Промаялся я таким образом ночь, день, потом еще ночь, и, убедившись, как мало помогает мне мое мышление, я прозрел и понял наконец, что я за птица. Я понял, что мысли мои не стоят гроша медного и что до встречи с Кисочкой я еще не начинал мыслить и даже понятия не имел о том, что значит серьезная мысль; теперь, настрадавшись, я понял, что у меня не было ни убеждений, ни определенного нравственного кодекса, ни сердца, ни рассудка; всё умственное и нравственное богатство мое состояло из специальных знаний, обрывков, ненужных воспоминаний, чужих мыслей – и только, а психические движения мои были несложны, просты и азбучны, как у якута… Если я не любил говорить ложь, не крал, не убивал и вообще не делал очевидно грубых ошибок, то это не в силу своих убеждений, – их у меня не было, – а просто только потому, что я по рукам и ногам был связан нянюшкиными сказками и прописной моралью, которые вошли мне в плоть и кровь и которые незаметно для меня руководили мною в жизни, хотя я и считал их нелепостью…
Я понял, что я не мыслитель, не философ, а просто виртуоз.

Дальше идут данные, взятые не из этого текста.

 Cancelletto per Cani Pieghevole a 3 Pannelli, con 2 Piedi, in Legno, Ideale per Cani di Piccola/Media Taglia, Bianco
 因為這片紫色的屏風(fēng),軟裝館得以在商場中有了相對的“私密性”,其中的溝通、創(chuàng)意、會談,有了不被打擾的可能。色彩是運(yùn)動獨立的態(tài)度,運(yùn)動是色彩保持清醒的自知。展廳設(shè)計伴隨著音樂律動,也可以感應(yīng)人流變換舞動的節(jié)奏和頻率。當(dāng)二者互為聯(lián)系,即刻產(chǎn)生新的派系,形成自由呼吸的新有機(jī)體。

Бог дал мне здоровый, сильный русский мозг с задатками таланта. И вот представьте себе этот мозг на 26 году жизни, не дрессированный, совершенно свободный от постоя, не обремененный никакою кладью, а только слегка запылившийся кое-какими знаниями по инженерной части; он молод и физиологически алчет работы, ищет ее, и вдруг совершенно случайным путем западает в него извне красивая, сочная мысль о бесцельной жизни и загробных потемках. Он жадно втягивает ее в себя, дает в ее распоряжение весь свой простор и начинает играть с нею на всякие лады, как кошка с мышкой. У мозга ни эрудиции, ни системы, но это не беда. Он собственными, природными силами на манер самоучки справляется с широкой мыслью, и не проходит месяца, как уж обладатель мозга из одного картофеля готовит сотню вкусных блюд и мнит себя мыслителем…

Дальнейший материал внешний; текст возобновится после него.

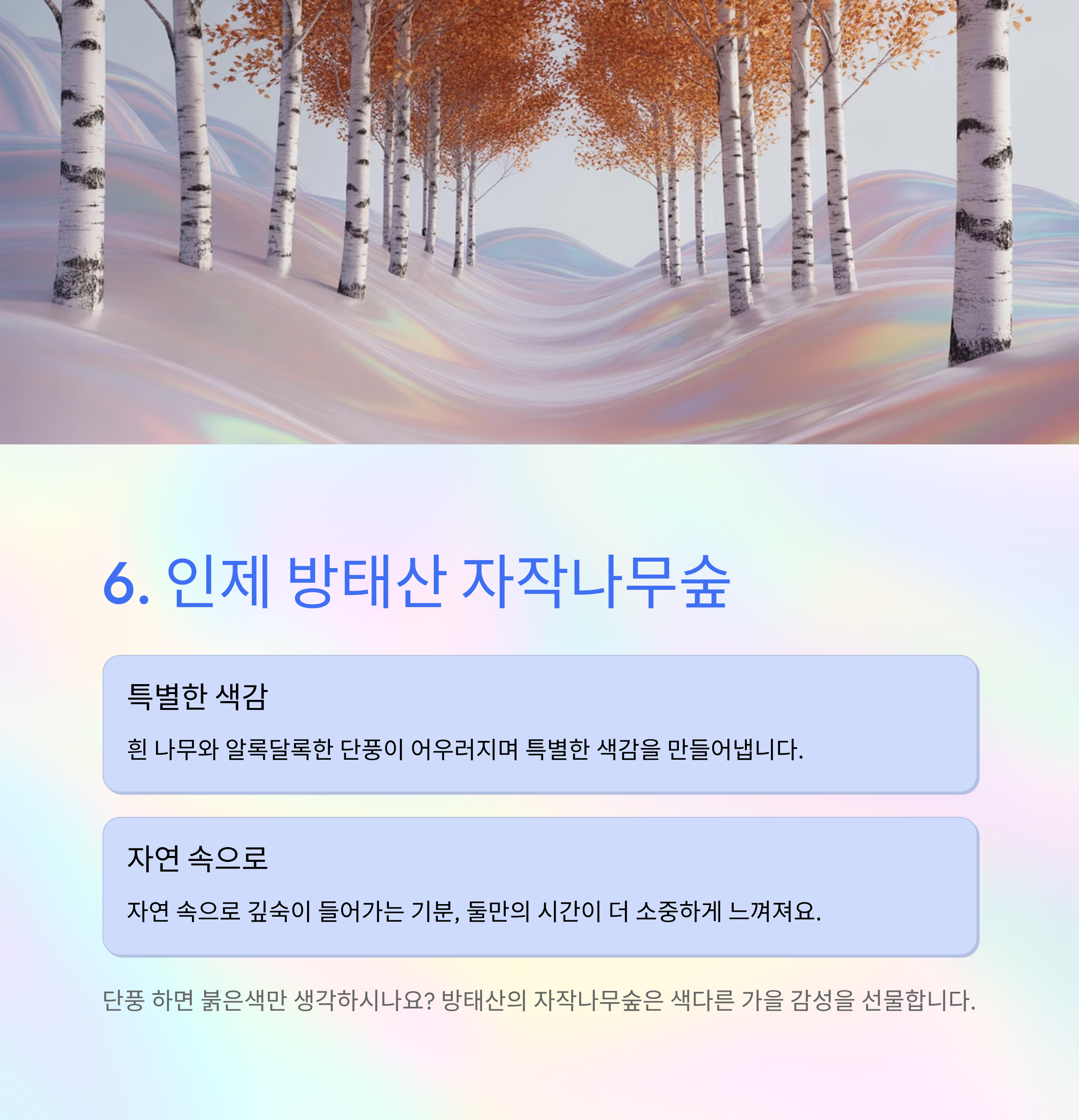 | 강원 | 방태산 자작나무숲 | 색다른 단풍 감성 |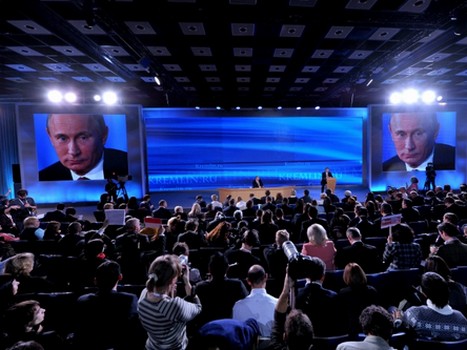 В прошлом году глава государства общался с представителями СМИ - впервые после переизбрания президентом - не в Кремле, а в Центре международной торговли в Москве.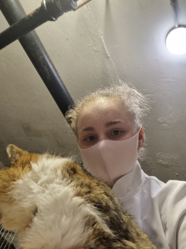 Разом з тим, у таких умовах, твердо вирішила робити все можливе, для допомоги і перемоги України. Знайшла волонтерську організацію (прим. автора: за місцем проживання на Київщині) та працюю по розподілу гуманітарної допомоги, одягу і ліків. Іще допомагаю у будинку людям літнього віку. Також періодично доглядаю за дітьми тимчасово переміщених осіб, які теж пішли працювати та волонтерити. Загалом, весь вільний час розподілений. Складно. Стараюся встигати виконувати завдання на платформі навчальних курсів дистанційно на е-льорн, хоча як і кожному зараз, це не просто. Для мене важливо не втратити можливість навчатися і навчатися успішно та отримати диплом за спеціальністю Лікаря Ветеринарної Медицини!

Эту виртуозность, игру в серьезную мысль наше поколение внесло в науку, в литературу, в политику и всюду, куда только оно не ленилось идти, а с виртуозностью вносило оно свой холод, скуку, односторонность и, как мне кажется, уже успело воспитать в массе новое, до сих пор небывалое отношение к серьезной мысли.
Свою ненормальность и круглое невежество я понял и оценил, благодаря несчастью. Нормальное же мое мышление, как мне теперь кажется, началось только с того времени, когда я принялся за азбуку, то есть когда совесть погнала меня назад в N., и я, не мудрствуя лукаво, покаялся перед Кисочкой, вымолил у нее, как мальчишка, прощение и поплакал вместе с ней…»
Ананьев вкратце описал свое последнее свидание с Кисочкой и умолк.
– Тэк-с… – процедил сквозь зубы студент, когда инженер кончил. – Такие-то дела на этом свете!
Лицо его по-прежнему выражало мозговую лень, и, по-видимому, рассказ Ананьева не тронул его нисколько. Только когда инженер, отдохнувши минутку, опять принялся развивать свою мысль и повторять то, что уже было сказано им вначале, студент раздраженно поморщился, встал из-за стола и отошел к своей кровати. Он постлал постель и стал раздеваться.
– У вас теперь такой вид, как будто вы в самом деле кого-нибудь убедили! – сказал он раздраженно.
– Я, кого-нибудь убедил? – спросил инженер. – Душа моя, да разве я претендую на это? Бог с вами! Убедить вас невозможно! Дойти до убеждения вы можете только путем личного опыта и страданий!..
– И потом, удивительная логика! – проворчал студент, надевая ночную сорочку. – Мысли, которых вы так не любите, для молодых гибельны, для стариков же, как вы говорите, составляют норму. Точно речь идет о сединах… Откуда эта старческая привилегия? На чем она основана? Уж коли эти мысли – яд, так яд для всех одинаково.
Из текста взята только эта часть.